# Good Book to Rebuild a BOP Differential?



## Shooter (Nov 7, 2015)

Hi folks,
Thinking about rebuilding an open differential. Never done that! Before I do my usual take-it-apart and put-it-all-back the way it was and hope for no extra parts approach, I thought I might actually learn something first. I know I want to change the gears. I've heard that there are different size 10 bolt rear ends and you can only go so high in your gear ratio with certain rear ends. Rumors. What about making it a limited slip/posi?
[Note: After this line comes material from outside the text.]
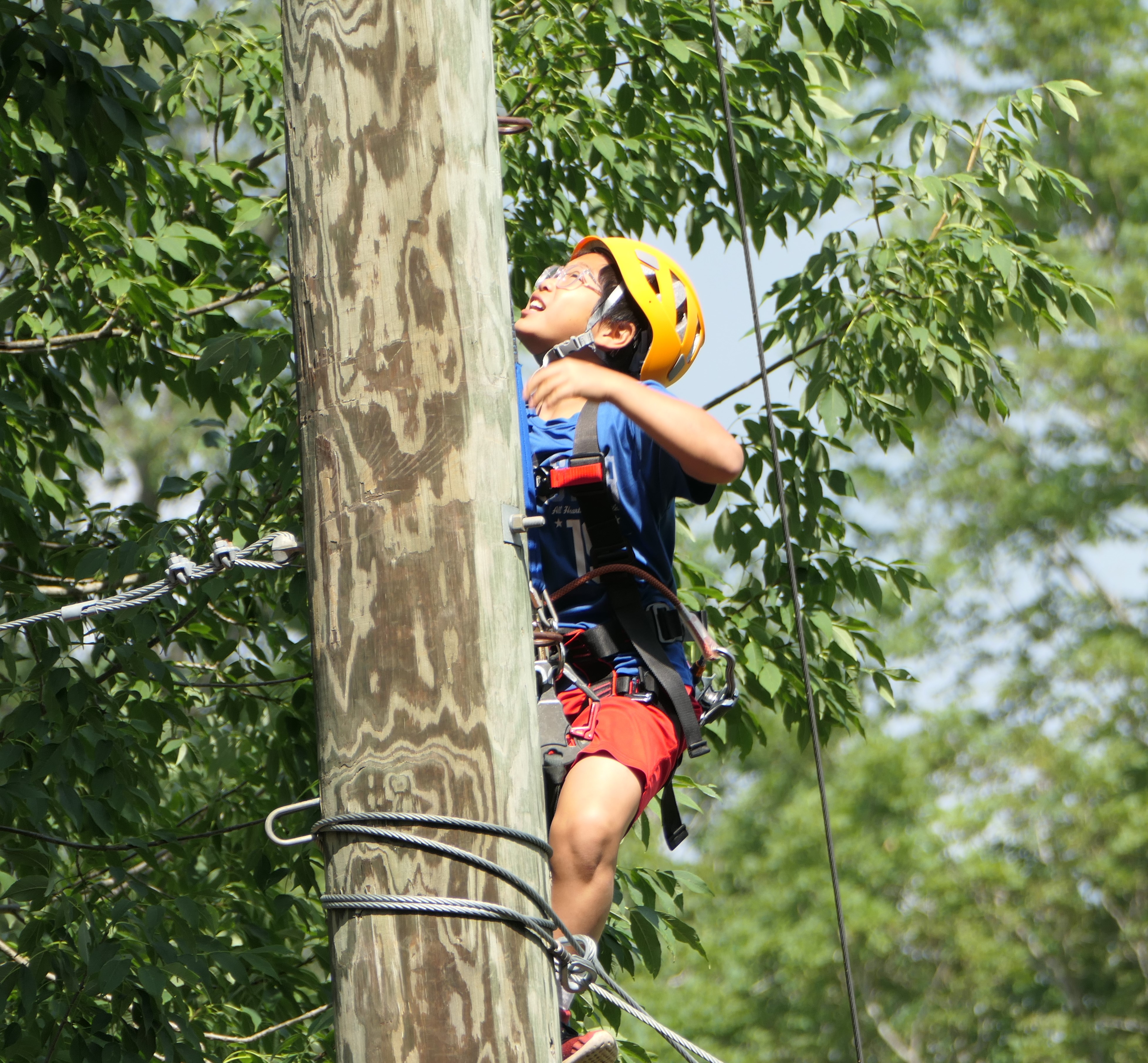 Greylock has two outstanding climbing walls on its facility. One, for our youngest boys, is two-sided and is 40 feet in height. Our more advanced wall is four-sided and 70 feet in height. Each side of each wall has a different pattern that is designed to be sequential in difficulty so boys learn and progress. All boys who participate in this program are properly harnessed and all instructors are certified in safety and skill procedures. The climbing wall is among the camp’s most popular adventure activities.

Is there a good step-by-step book for BOP rear ends? I can only find a generic GM book that is clearly all about Chevys. I've heard that BOP gears are slightly different. What else is different? I need the Crayolas and picture version for the complete idiot.

Thanks!

Shooter


----------



## PontiacJim (Dec 29, 2012)

Personally, I would not rebuild a rear end. I do most things myself, but that and transmissions I leave to those who do them regularly. You will need to buy some tools to make sure you get the correct pinion depth and the correct wear pattern on the ring gear. There is a crush sleeve that requires a little muscle to crush and if you crush it too much, then you get to re-do it with another.

Chevy 8.2 10-bolts use a C-clip to hold the axles in. Pontiac uses a bearing retainer at the end of the axle tube. You may have already read this, but it gives a good overview: https://www.hemmings.com/blog/article/b-o-p-rear-axles/

Here is a little more info. It lists the gear ratio's that work with a given carrier range. You can also see what rebuild kits consist of: https://www.drivetrainshop.com/GM_8_2_s/110.htm


----------



## Shooter (Nov 7, 2015)

Jim,
Merry Christmas! Just getting time to sit back down and read this. Your recommendation makes sense. I knew I couldn't press on new gears but I try to do was much of a job as I can. That's half the fun. Think I'll try and locate a differential guy and ask him what I can do before I take it to him to have the job completed (correctly!).


----------